Much has been made of the fact that defensive sectors, or counter-cyclicals as we prefer to call them, have been leading the market higher. This is very much out of the norm for a bull market, even for a cyclical bull market within a structural bear market, as cyclicals tend to lead equity markets higher while counter-cyclicals help investors play defense when the market breaks lower. However, since the market turmoil in the summer of 2011, growth counter-cyclicals have been a great place for investors to park their capital. Over the past four years, on an equal-weighted, USD basis, the four best performing sectors in the developed market are health care, consumer discretionary, information technology, and consumer staples. What do these four sectors all have in common? They all spend a greater percentage on intangible investments, or knowledge investments, than they do on traditional tangible capital expenditures.
In the table below, we show how much each sector spends on intangible investments as a percentage of sales (R&D and advertising and firm specific resources) and tangible investments as a percentage of sales (capital expenditures) for developed market companies. What we find is that for the four best performing sectors they all invest a greater percentage of their sales in intangible investments than in tangible investments.

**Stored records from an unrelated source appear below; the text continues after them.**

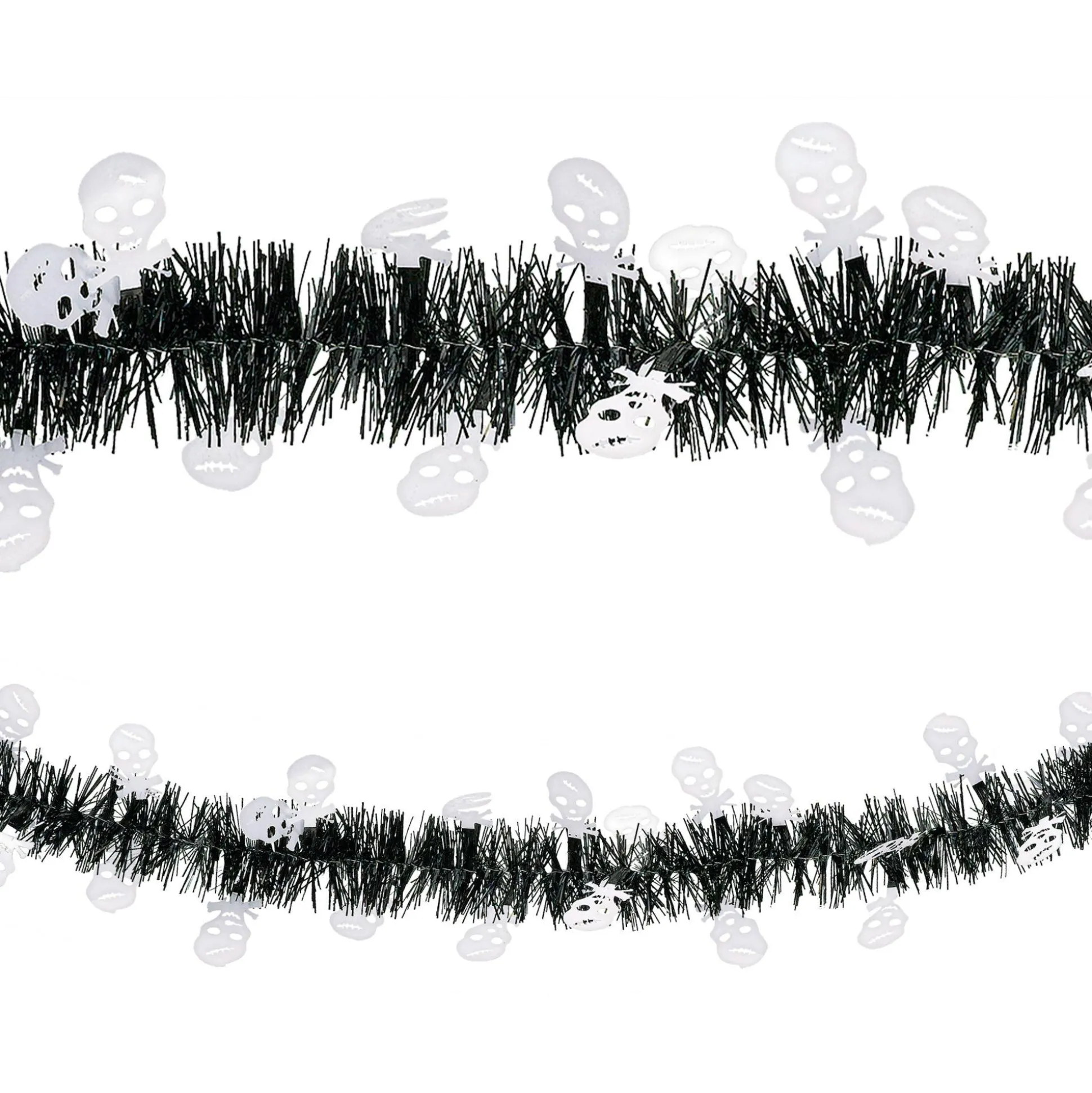 Complete Your Halloween Mantle With A Spooky Tinsel Garland. This Nine-Foot Garland Features White Skulls And Long Black Tinsel.
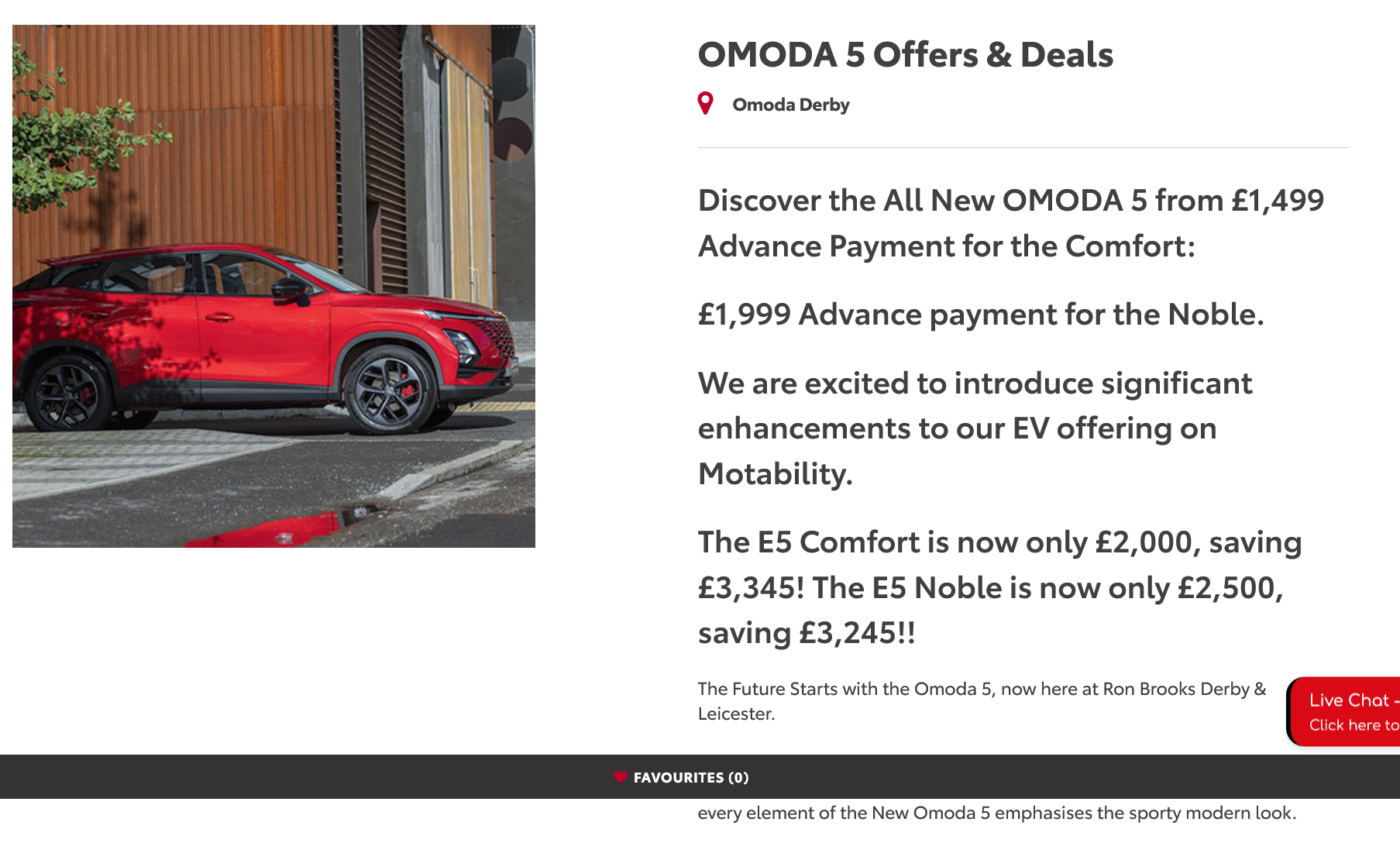 Dealership Motability offer weblink: https://www.ronbrooks.co.uk/caroffers/omoda5-offers-deals/
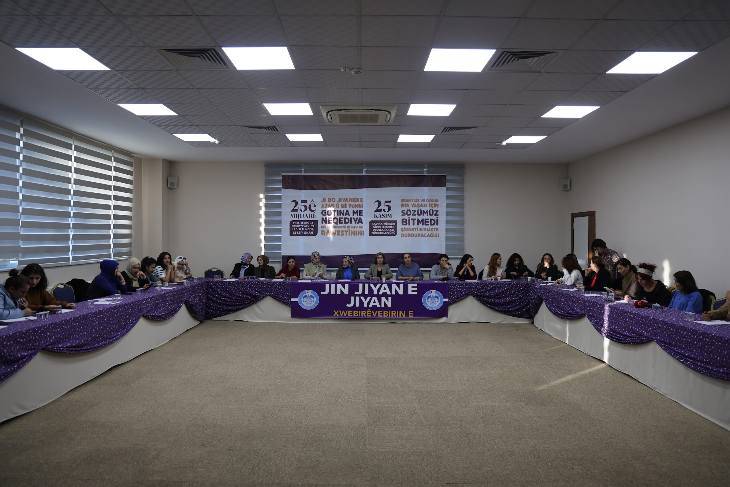 Di çarçoveya xebatên 25ê Mijdarê Roja Têkoşîna Li Dijî Tundiya Li Ser Jinan de bi pêşentiya Şaredariya Ebexê ya Wanê civînek agahdarî û nirxandinê ji bo pêşxistina navendên hevgirtina jinan hat lidarxistin. Civîna ku li Eywana Perwerdehiyê ya Parêzer Cûmhûr Keskîn ya Baroya Wanê hat lidarxistin, bi dirûşmeya “Ji bo jiyaneke azad û bê tundî gotina me neqediya! Em ê tundiyê bi hev re rawestînin” hat lidarxistin. Di eywana ku civîn lê hat kirin de pankarata “Jin jiyan e, jiyan xwebirêvebirin e” hat daliqandin. Hevşaredara Bajarê Mezin a Wanê Neslîhan Şedal, hevşaredarên navçeyên Wanê, nûnerên rêxistinên jinan ên li bajêr û nûnerên jin ên rêxistinên demokratîk beşdarî civînê bûn.
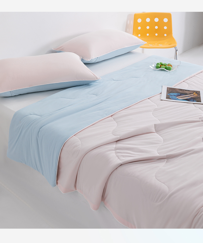 梵心家纺 2026新款凉感A类氨纶凉感丝夏被(10%氨纶)空调被大豆夏凉被 冰莓粉+浅蓝

This gives them a intangible/tangible investment ratio greater than one.
Health care leads the way as this sector spends about 3.5x as much on intangible investments as they do on tangible investments. Information technology is second with a 2.9x ratio, followed by consumer staples (1.8x) and consumer discretionary (1.2x).
If we look at just US stocks, the 1x ratio threshold holds and it is even clearer that knowledge investments are being valued at a higher premium than tangible investments. In the table below, we are sorting from highest to lowest in the intangible/tangible investment ratio column. This lines up perfectly with the sector breakdowns of our Knowledge Leaders, with highly innovative sectors such as health care and information technology having the best performance while less innovative sectors such as energy and utilities having the worst performance.
So while traditionally it may seem that this has been a defensive-led bull market of late, it is worth considering that we may be in the midst of re-rating of corporate innovative assets. Those companies that are investing more in intangible assets are clearly demanding higher returns than those that are investing more in tangible assets. This is playing out on a broad sector basis as we have shown above but it is also playing out even more clearly if we look at the companies that are truly pushing the innovation curve forward. The most innovative companies, Knowledge Leaders, follow a strategic innovation strategy while Knowledge Followers follow a strategic mimicking strategy. The performance of Knowledge Leaders has outperformed the MSCI World Index by over 5% YTD and by over 141% since 3/31/2000.